Re-Act is not my organisation, it is every single person’s that has come down and sorted out clothes, driven donations around and shared Facebook posts. If people didn’t do all that, Re-Act wouldn’t be here. Everybody’s had their turn of exhausting weeks, packing bags, lifting sacks, breaking their backs and driving vans so, I see it as all the volunteers’ project. I’ve facilitated the operation with a group of people that have helped from the very start.

Facebook has been phenomenal for connecting people with this whole thing. At the moment we’re trying to encourage more people to volunteer because the crisis is dropping out of the public eye and people aren’t as aware that the situation is still going on and is as bad as it has always been. However, I don’t want to flood Facebook with negativity and I’m trying not to make Re-Act a page about the awfulness of the situation, but more about the positive effects that we’re having because I know my feed is constantly full of war and destruction which is hard, day in, day out and isn’t good for you.

My biggest inspiration is my grandad; he was never one to take no for an answer. He was a lawyer and after his training he worked at a tea plantation in India changing the lives of people there, putting in schools and healthcare, giving workers their rights. You weren’t allowed to say ‘I’m bored’ or ‘can’t’ in front of him. I’ve got a daughter and since she was a little girl I have said you can do whatever you want to do, because that’s what my grandad taught me.
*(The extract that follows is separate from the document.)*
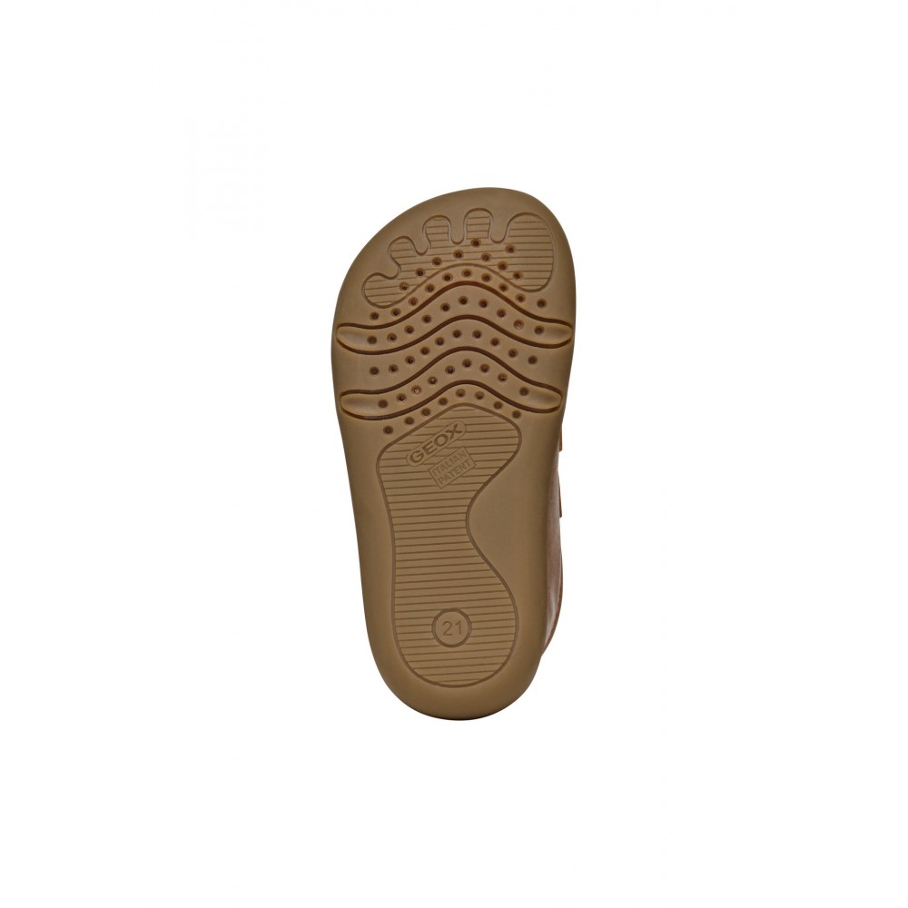 La suela de goma antideslizante garantiza una pisada firme y segura, ideal para los primeros pasos en diferentes superficies. Además, la tecnología patentada Geox Respira permite que los pies respiren correctamente, manteniéndolos frescos y secos en todo momento.

Re-Act definitely took over my life completely for six months. My partner, who had just taken paternity leave to look after our wee boy and was about to go back to work, ended up working forty hours a week, driving to Croatia and helping with donations. I’ve got so many ideas but I wasn’t able to do them which was really frustrating, and families were still arriving in Edinburgh without basic living essentials, so I realised we needed to have a better balance and help on a better level. That’s why we changed the donation days to once a month, allowing us to focus on lots of small projects as well.

There are lots of projects that I want to start in Edinburgh, as well as continuing to send aid to wherever it’s needed. I would definitely like to go back to Greece soon and help out there by also my partner is a gardener and ‘grow your own’ is his obsession so we want to work with the council to put allotments in council property gardens. We’ll be continuing to hold after school workshops with kids here, that have been really successful, and women’s conversation classes. Also, we’re really keen to set up a sort of men’s club as well, to help them integrate and learn about our culture. As always though, it can’t just be for refugees, migrants and Syrian people; it’s got to be for everybody.